Chile’s lower house of parliament also passed nearly unanimously a resolution to allow the government to issue compulsory licences for any medicines, vaccines and other technologies useful in the fight against COVID-19.
Time is of the essence
The World Health Organisation reported in March 2020 that out of the 44 COVID-19 vaccines in clinical evaluation, two have reached the human trials stage. Patents will inevitably be taken out on the most successful vaccines.
The race to become the legal owner of these new treatments is accelerating. A virology institute in Wuhan under the Chinese Academy of Sciences faced criticism after it was revealed that it had applied for a patent for a US-developed drug to treat COVID-19. Though the drug has not been approved, it showed promise in pre-trial testing. If the patent application is approved, Gilead (the creator of the drug) may not be able to sell its own drug for the purposes of treating COVID-19 without the institute’s consent.

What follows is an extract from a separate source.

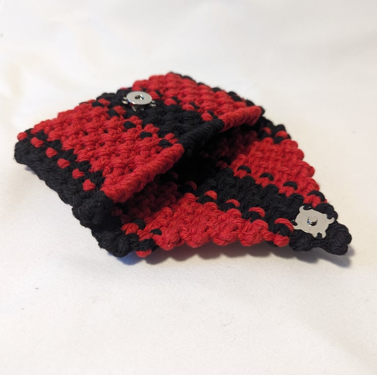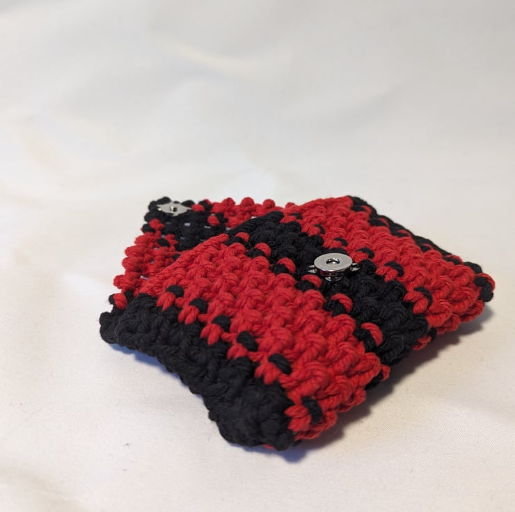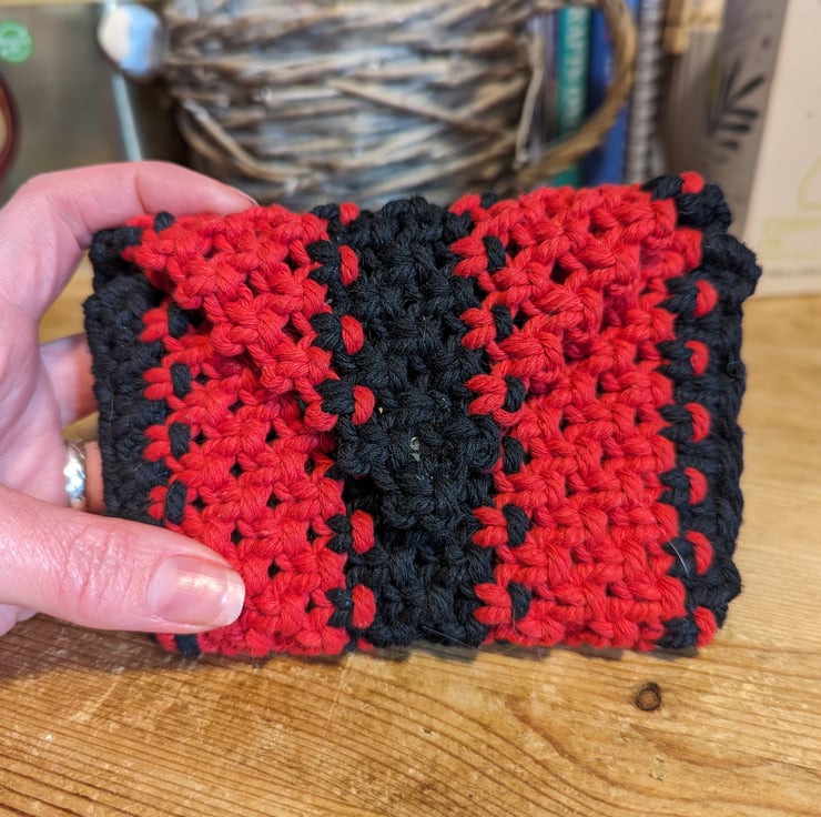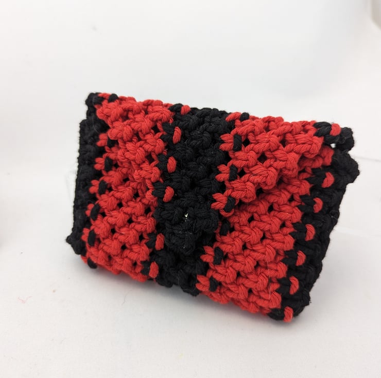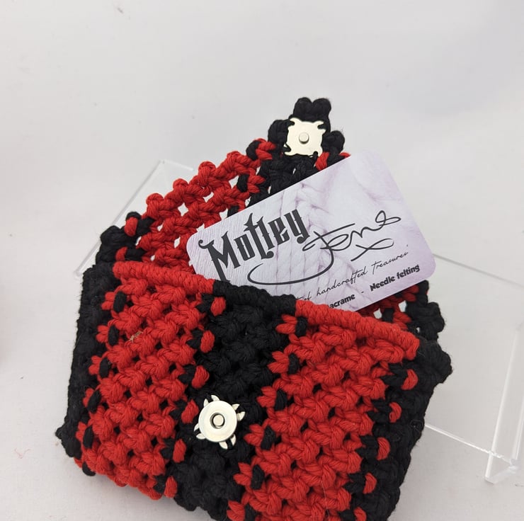 This macrame purse is made from 100% cotton macrame cord and features a bold red and black pattern with a magnetic fastener. It is the perfect size for slipping into your pocket or a handbag and will add a touch of colour to your accessory collection.
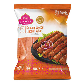 Indulge in Zulekha's 15 Chicken Charcoal Tandoori Kebab - a delicious blend of charcoal-grilled chicken and aromatic spices, packed into a convenient 900g pack. Perfect for any occasion, these kebabs are guaranteed to satisfy your cravings and leave you wanting more.

Donald Trump too has tried to get an unfair advantage for the US in the race. It was reported that POTUS offered ‘large sums of money’ to get exclusive access to a coronavirus vaccine being developed by a German company. The request involved asking the German company to move its research wing to the US and to develop the vaccine for the US only. The move provoked an angry reaction in Germany from both politicians and citizens who demanded that Berlin do everything possible to prevent the US from controlling access to the eventual COVID-19 vaccine.
History may well be in danger of repeating itself, as corporations and government institutions head down patent protection routes, without considering the potentially devastating global consequences that may follow. Seventy years ago, the since-repealed UK Patents Act 1949 allowed any person to apply for a licence to exploit a ‘substance capable of being used for a food or medicine’. It is possible that 2020’s crisis will result in a revision of modern patent laws and how the public views patent rights.